- Theatrical release poster
- Directed by: Richard Fleischer
- Written by: Mark Canfield; Uncredited:; Jules Dassin; Richard Fleischer; Julien Derode; John Shepridge; ;
- Produced by: Darryl F. Zanuck
- Starring: Orson Welles Juliette Gréco Bradford Dillman
- Cinematography: William C. Mellor
- Edited by: Roger Dwyre
- Music by: Maurice Jarre
- Production company: Darryl F. Zanuck Productions
- Distributed by: 20th Century-Fox
- Release date: May 19, 1960;
- Running time: 97 minutes
- Country: United States
- Language: English
- Box office: $1 million (US/ Canada)

= Crack in the Mirror =

1960 film by Richard Fleischer

Crack in the Mirror is a 1960 American drama film directed by Richard Fleischer. The three principal actors, Orson Welles, Juliette Gréco, and Bradford Dillman, play dual roles in two interconnected stories as the participants in two love triangles.

The film was released by 20th Century Fox on May 19, 1960.

==Plot==
In a run-down Paris dwelling, an angry Hagolin accuses mistress Eponine of seeing a man named Robert Larnier behind his back. In a party at a stately home, prosperous attorney Lamerciere's guests include his longtime mistress Florence and his young law partner Claude Lancaster.

Eponine attempts to murder Hagolin but fails. Larnier intervenes on her behalf and Eponine strangles the man with a scarf. The body is dismembered and dumped, then Eponine is placed under arrest.

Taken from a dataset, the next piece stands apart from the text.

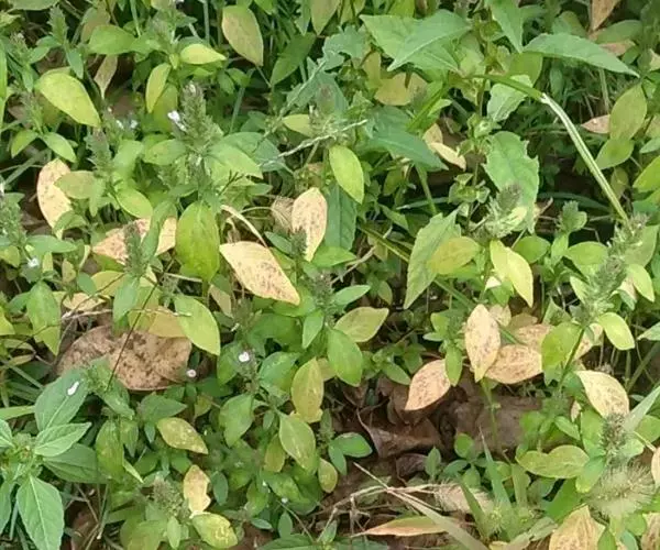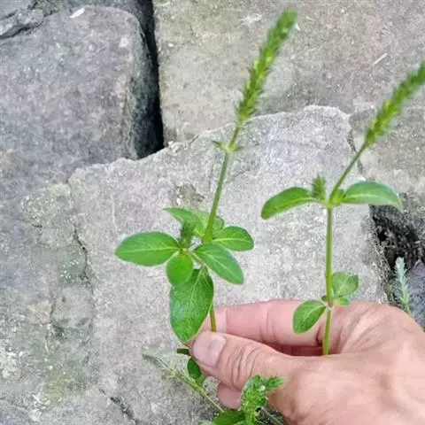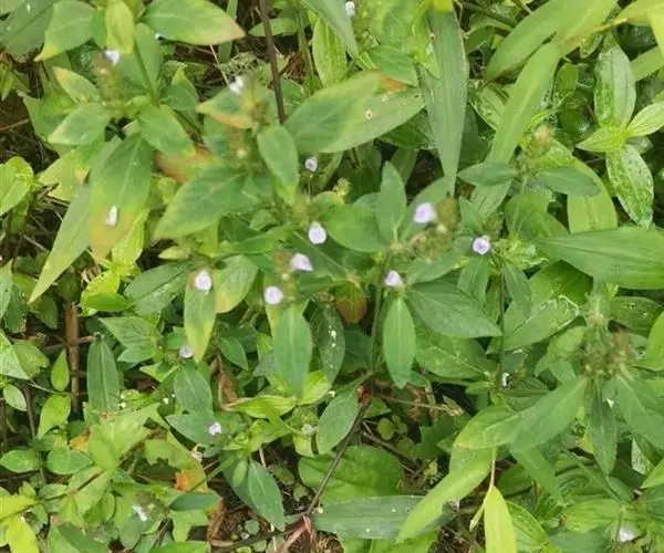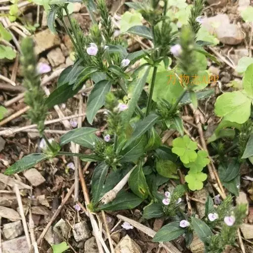 全草长10~60cm。根细而弯曲。茎具纵棱,直径2~4mm,基部节上常有不定根;表面黄绿色;被毛,节膨大成膝状;质脆,易折断,断面可见白色的髓。叶对生,具柄;叶片多皱缩,展平后呈卵形或狼状披针形,两面及叶缘有毛。穗状花序顶生或腋生、苞片及宿存花萼均被粗毛;偶见花冠,淡红色。蒴果棒状,长约6mm。种子4颗,黑褐色,扁三角形。气微,味淡。以茎叶色绿者为佳。

Claude, who is secretly Florence's lover, feels that he deserves credit for much of Lamerciere's courtroom success. He leaps at the opportunity when Eponine asks him to defend her. Lamerciere remarks that Claude and Florence could do to him exactly what the accused woman and lover Larnier did to Hagolin.

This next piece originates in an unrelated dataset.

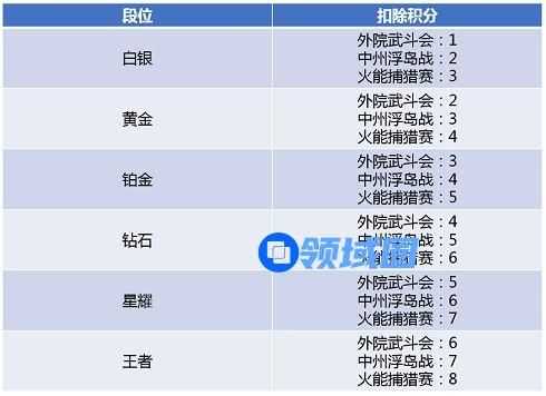 7)青铜段位战场失利不进行扣分,其余段位扣分详情如下:

In court, Lamerciere persuades Claude to allow him to deliver the closing argument. He paints such a lurid picture of Eponine's crime that results in her conviction. His gaze at Florence makes it clear that he knows that she has been unfaithful.

==Cast==
Credits from the AFI Catalog of Feature Films.

== Production ==
The script was credited to by producer Darryl F. Zanuck (under his frequent pseudonym "Mark Canfield"), but in his 1993 autobiography Just Tell Me When to Cry, Fleischer revealed that it was ghostwritten by the blacklisted Jules Dassin. Fleischer, Derode, and John Shepridge also contributed to the script, but were all uncredited.

Filming took place at various locations around Paris, including the Palais de Justice, the Gare de Lyon, and the Seine. Interiors were shot at Billancourt Studios and Boulogne Studios.

In an interview with American Legends, Bradford Dillman said Welles could be "hell on wheels" and that director Fleischer "didn't fool around with Orson. Nobody fooled around with Orson. He did his own thing."

==Reception==
In a contemporary review for The New York Times, critic Howard Thompson wrote: "A determined try for something different—three performers playing six roles, as two adulterous triangles explode in a murder trial—misfires coldly and rather hollowly ... There is certainly no cause to evaluate this extremely devious, visual charade by such a brilliant courtroom yardstick as Compulsion, also involving director Fleischer, Messrs. Welles and Dillman and the Zanuck production banner. ... [T]he picture is a peculiarly bloodless affair (for all the lovingly detailed gore of the murder), archly juggling some arid dialogue and even the characterizations."

In a letter to the editors of Playboy magazine in April 1967, Darryl F. Zanuck, president of 20th Century-Fox Film Corporation, observed that "when I won three prizes for a very second-rate film called Crack in the Mirror," at the Cannes Film Festival, "[t]his dubious victory was achieved by the political activities of a group of friends who accompanied me to the festival (Orson Welles, Juliette Gréco and Françoise Sagan)."